── Records for this task ──
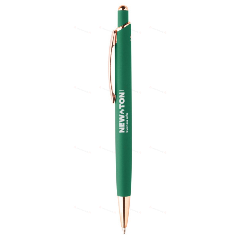 Шариковая ручка из переработанного алюминия с резиновым покрытием и деталями из розового золота. Специальное покрытие для зеркальной лазерной гравировки в цвете розового золота. С синим заправочным стержнем.
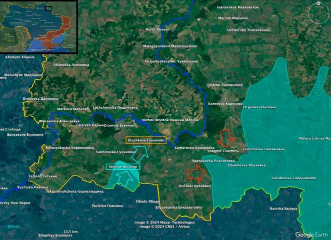 «Развитие района Глушково Курской области в России весьма интригует как на операционном, так и на стратегическом уровне. Российские каналы сообщают, что село Весёлое взято украинскими войсками, что, судя по видео, которые мы видели, весьма вероятно. Это сближает украинские войска с Глушково и грозит расколоть этот котел к югу от реки Сейм на две части», — подчеркнул эксперт.
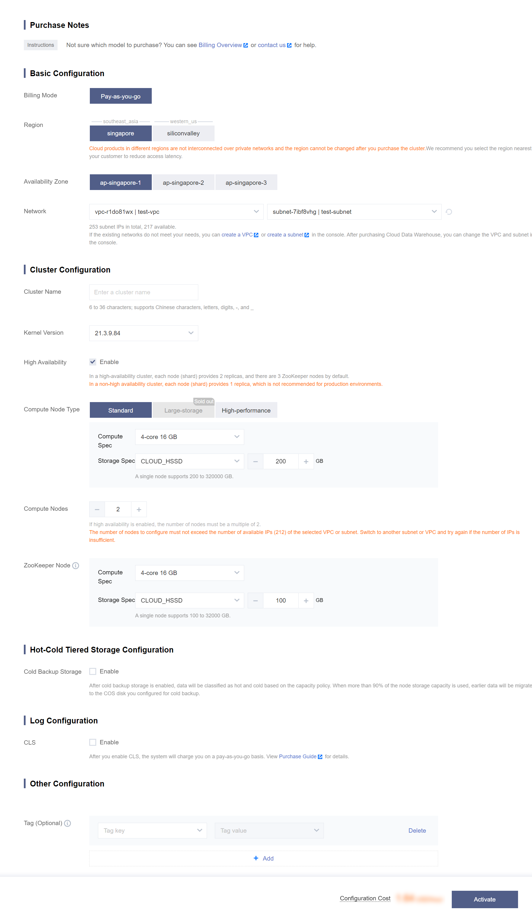 网络 | VPC 为一种隔离的,安全性高的专有网络环境。可以新建或者选择已有的 VPC 网络和子网。 |
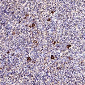 CRACC/SLAMF7 was detected in immersion fixed paraffin-embedded sections of Human Tonsil using Mouse Anti-Human CRACC/SLAMF7 Monoclonal Antibody (Catalog # MAB19061) at 5 µg/mL for 1 hour at room temperature followed by incubation with the Anti-Mouse IgG VisUCyte™ HRP Polymer Antibody (Catalog # VC001). Before incubation with the primary antibody, tissue was subjected to heat-induced epitope retrieval using VisUCyte Antigen Retrieval Reagent-Basic (Catalog # VCTS021). Tissue was stained using DAB (brown) and counterstained with hematoxylin (blue). Specific staining was localized to cytoplasm in lymphocytes. View our protocol for IHC Staining with VisUCyte HRP Polymer Detection Reagents.
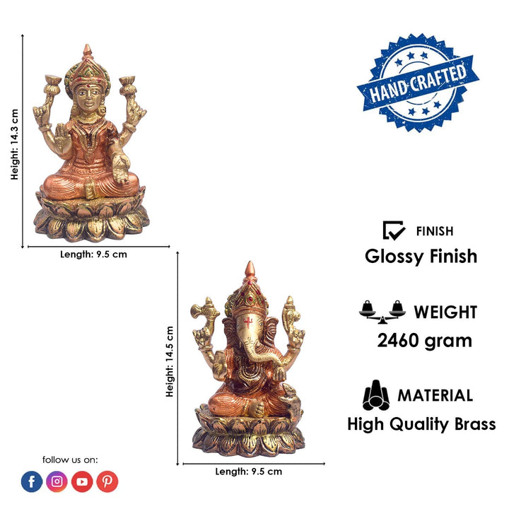 • Item Name: 5.6 Inch Elegant Brass Lakshmi Ganesh Idol
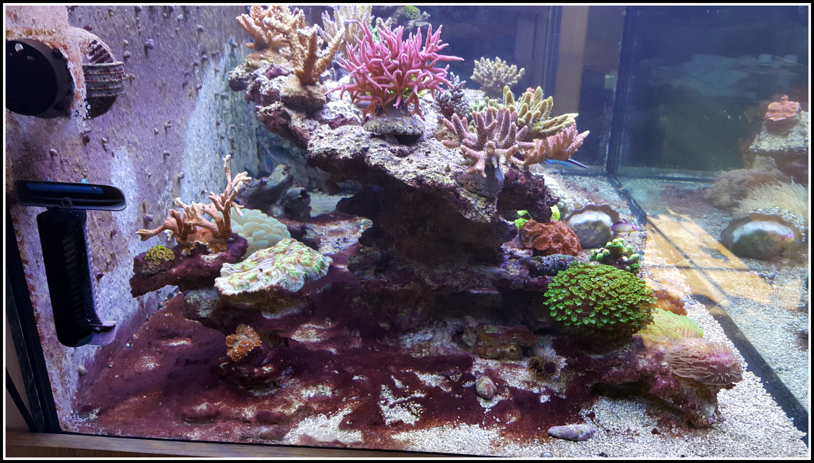 Hier mal ein Bild, wo man es so richtig gut sieht was ich meine. Wegen der Cyanos mache ich mir auch eigentlich nicht so richtig sorgen nur wegen der Kalkrotalgen halt. Das das hier Jammern auf hohem Niveau ist, ist mir schon klar.
───
Task to complete — Only the lines from the one with "района Глушково Курской" through the final line of the entries above are to be repeated, exactly as written and without pictures.

Exercise answer —
 «Развитие района Глушково Курской области в России весьма интригует как на операционном, так и на стратегическом уровне. Российские каналы сообщают, что село Весёлое взято украинскими войсками, что, судя по видео, которые мы видели, весьма вероятно. Это сближает украинские войска с Глушково и грозит расколоть этот котел к югу от реки Сейм на две части», — подчеркнул эксперт.
 网络 | VPC 为一种隔离的,安全性高的专有网络环境。可以新建或者选择已有的 VPC 网络和子网。 |
 CRACC/SLAMF7 was detected in immersion fixed paraffin-embedded sections of Human Tonsil using Mouse Anti-Human CRACC/SLAMF7 Monoclonal Antibody (Catalog # MAB19061) at 5 µg/mL for 1 hour at room temperature followed by incubation with the Anti-Mouse IgG VisUCyte™ HRP Polymer Antibody (Catalog # VC001). Before incubation with the primary antibody, tissue was subjected to heat-induced epitope retrieval using VisUCyte Antigen Retrieval Reagent-Basic (Catalog # VCTS021). Tissue was stained using DAB (brown) and counterstained with hematoxylin (blue). Specific staining was localized to cytoplasm in lymphocytes. View our protocol for IHC Staining with VisUCyte HRP Polymer Detection Reagents.
 • Item Name: 5.6 Inch Elegant Brass Lakshmi Ganesh Idol
 Hier mal ein Bild, wo man es so richtig gut sieht was ich meine. Wegen der Cyanos mache ich mir auch eigentlich nicht so richtig sorgen nur wegen der Kalkrotalgen halt. Das das hier Jammern auf hohem Niveau ist, ist mir schon klar.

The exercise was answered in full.